━━━ RECORDS FOR THIS TASK ━━━

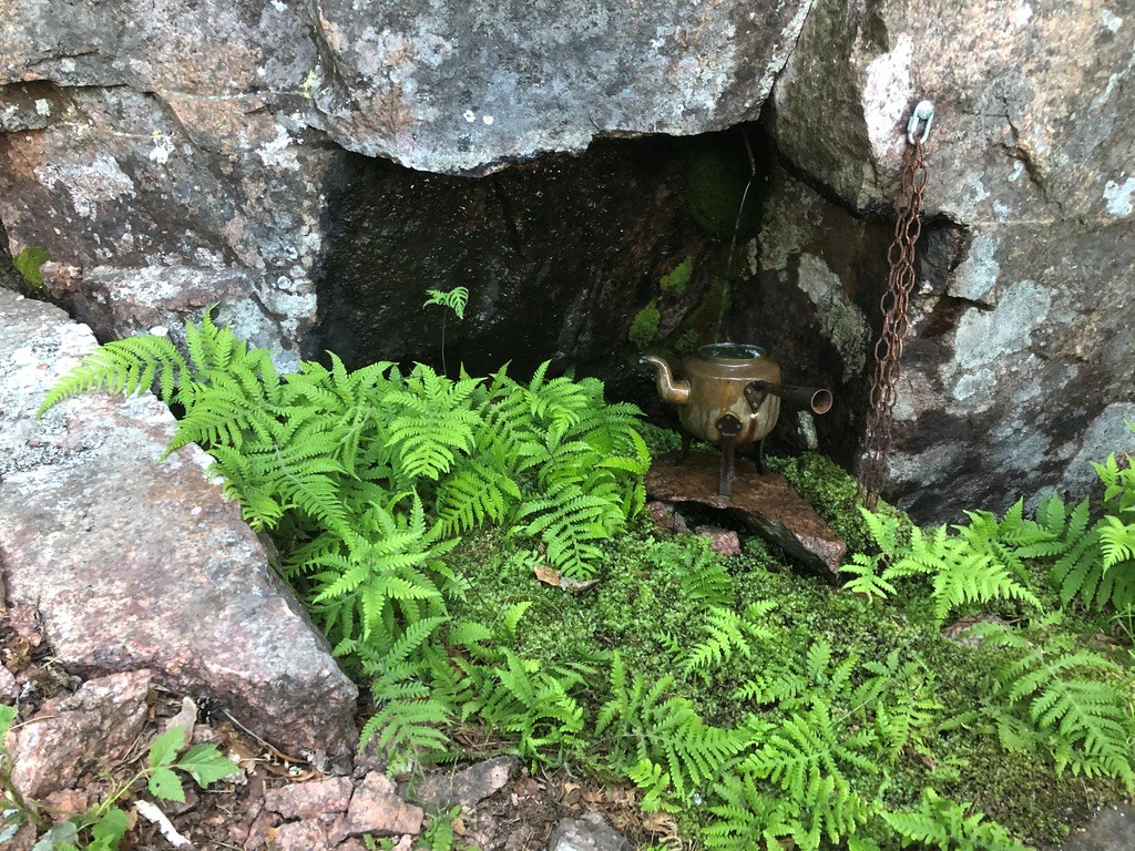 Am Fuss der Felsen sprudelt eine kleine Quelle und liefert frisches Kaffeewasser!
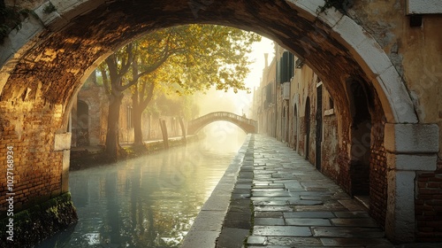 A Stone Bridge Over a Canal in Venice, Italy with Mist and Golden Light
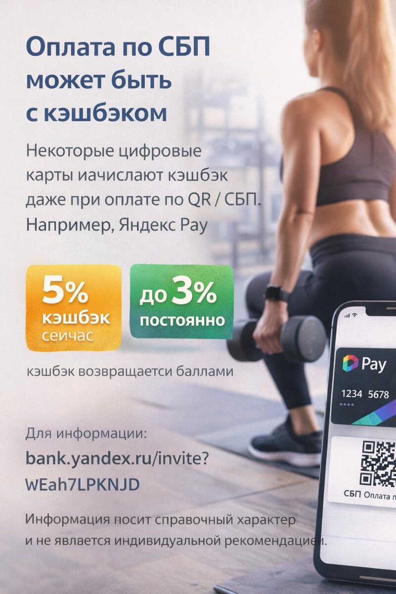 Часто возникает вопрос, почему при оплате по СБП кэшбэк обычно не начисляется. В большинстве банков это действительно так: СБП = без бонусов. При этом существуют цифровые карты, которые начисляют возврат баллами даже при оплате по QR / СБП. Один из таких вариантов — Яндекс Pay. Особенности, о которых может быть полезно знать: — оплата по QR / СБП без изменений в привычном формате — возврат начисляется в виде Яндекс баллов — карта цифровая, открывается онлайн — переводы и пополнения без комиссии Сейчас у Яндекса действует повышенный кэшбэк на покупки (условия устанавливаются банком и могут меняться). Ссылка для ознакомления: https://bank.yandex.ru/invite?refid=wEah7LPKNJD Баллы можно использовать внутри сервисов Яндекса или у партнёров. Информация носит справочный характер и не является индивидуальной рекомендацией.
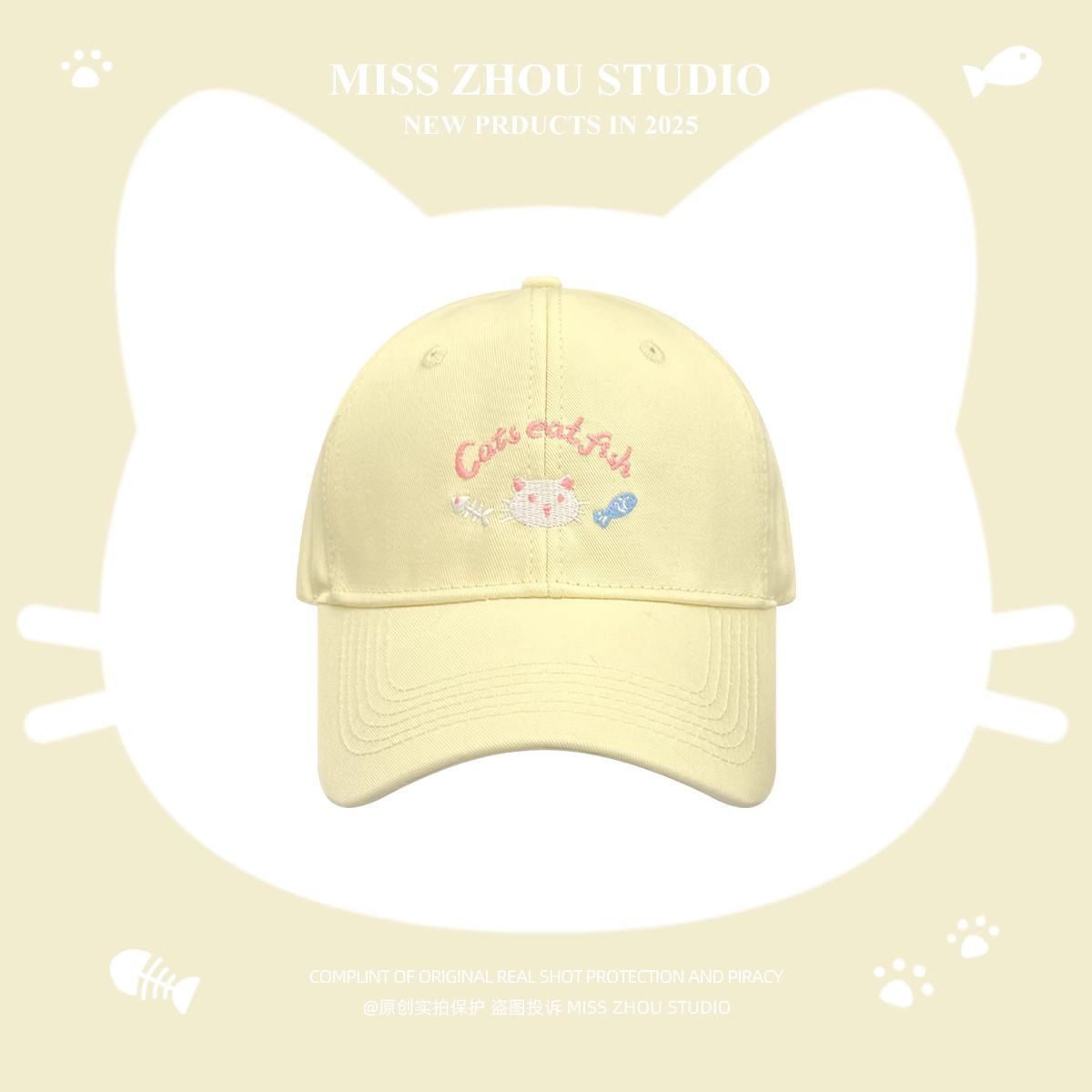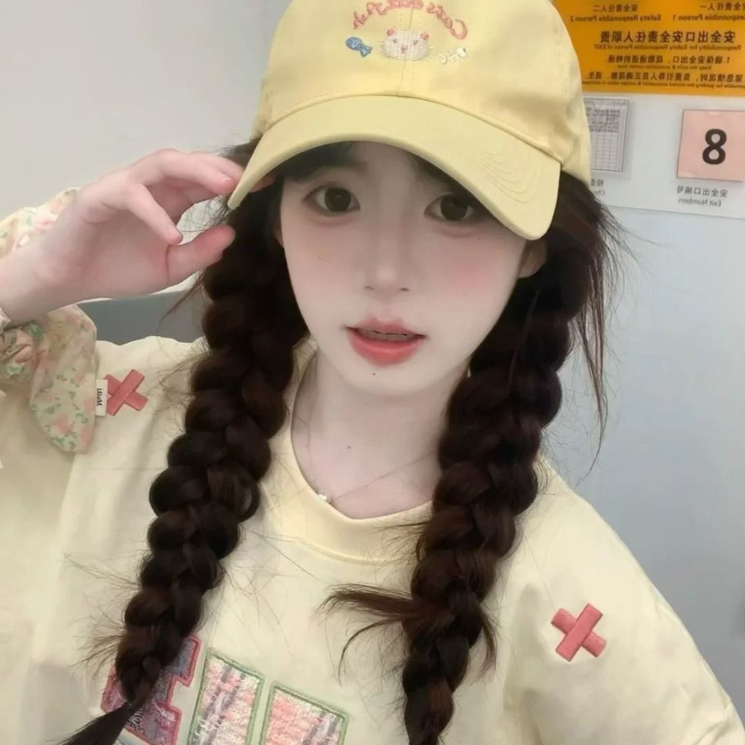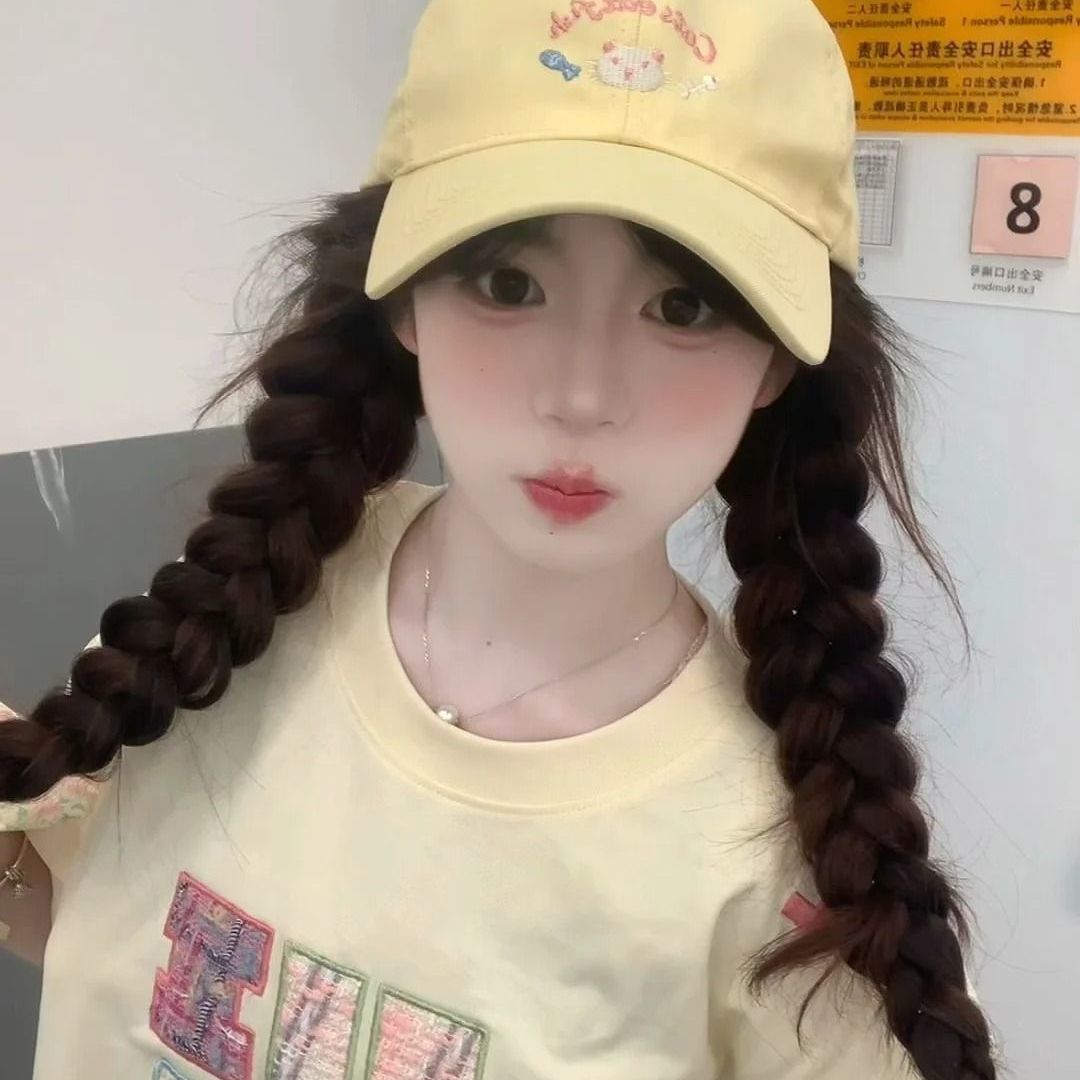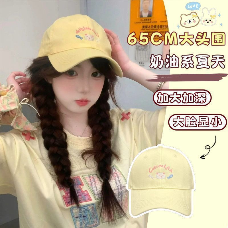 봄 여름 여성용 귀여운 새끼 고양이 자수 야구 모자, 큰 머리 둘레, 챙이 넓고 얼굴이 보이는 작은 오리 모자, 한국식 다용도 모자스토어 가기
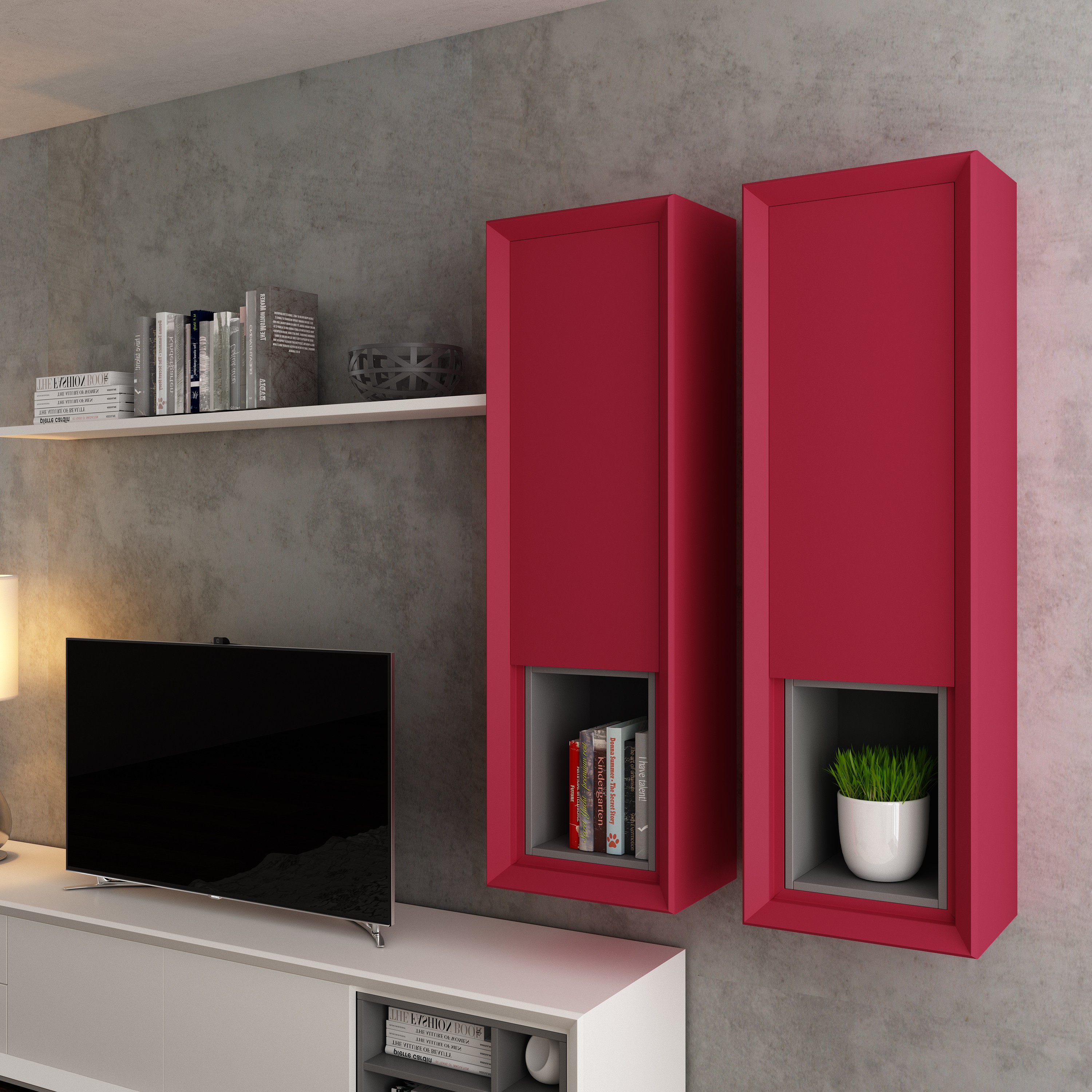 Se hace entre cualquiera de sus catorce colores a elegir, tanto en frentes como en armazón. Composición de 2.75 cm. en dm alta densidad, lacado en color blanco combinado con rojo y pizarra.
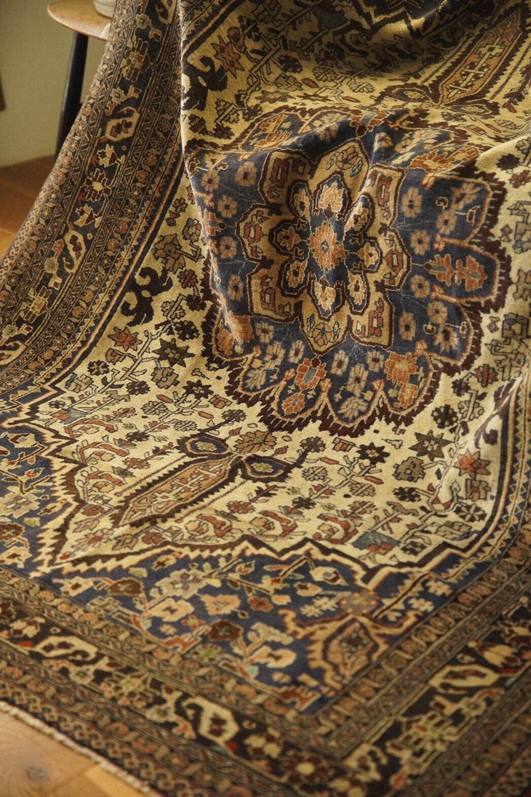 存在感のある華やかなセンターメダリオンと、その周りにも細かく彩り豊かに表現された花紋様。
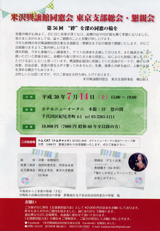 米沢興譲館同窓会 東京支部総会・懇親会の御案内 (2018年6月20日)
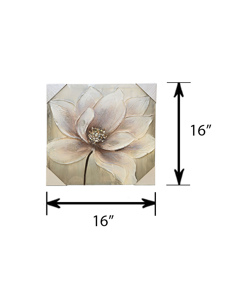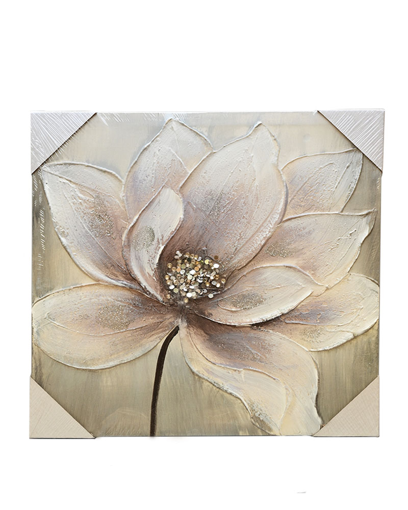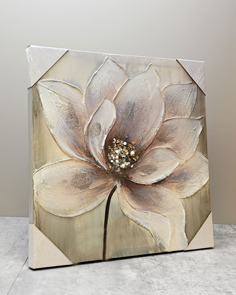 Painted on canvas, this flower is unique in colour, texture, and style. Featuring a sequined centre, the artwork adds a subtle sparkle that literally brightens any room it’s placed in. A beautiful blend of artistry and shimmer, this piece makes a charming and eye-catching addition to your décor.
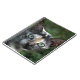 Graubraun-weiße Katze mit grünen Augen Notizblock
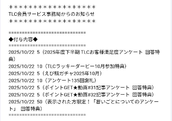 注事項はTLCポイントには期限があるので優待でポイントが付与されたら早めに期限のない電子マネーに交換しておくことです。
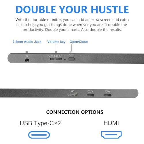 - Ultra-slim Portable Monitor - As a portable monitor for laptop, ARWOEIS portable laptop monitor's body is made of aluminum alloy, the weight of the whole machine is 1.8lb, 0.3" ultra-thin profile,With our magnetic smart holster, you can use and store it anytime. portable laptop monitor easily accommodate to every suitcase and backpack and stress-free when you are holding it for a long time.so you can carry it with you. They are truly portable computer monitors for travelers, students, gamers,engineers, and every.

━━━

ASSIGNED TASK:
Return only the part above that opens with the line containing "A Stone Bridge" and closes with the line containing "Часто возникает вопрос, почему", exactly and with both ends, skipping the pictures.

FINISHED TASK:
 A Stone Bridge Over a Canal in Venice, Italy with Mist and Golden Light
 Часто возникает вопрос, почему при оплате по СБП кэшбэк обычно не начисляется. В большинстве банков это действительно так: СБП = без бонусов. При этом существуют цифровые карты, которые начисляют возврат баллами даже при оплате по QR / СБП. Один из таких вариантов — Яндекс Pay. Особенности, о которых может быть полезно знать: — оплата по QR / СБП без изменений в привычном формате — возврат начисляется в виде Яндекс баллов — карта цифровая, открывается онлайн — переводы и пополнения без комиссии Сейчас у Яндекса действует повышенный кэшбэк на покупки (условия устанавливаются банком и могут меняться). Ссылка для ознакомления: https://bank.yandex.ru/invite?refid=wEah7LPKNJD Баллы можно использовать внутри сервисов Яндекса или у партнёров. Информация носит справочный характер и не является индивидуальной рекомендацией.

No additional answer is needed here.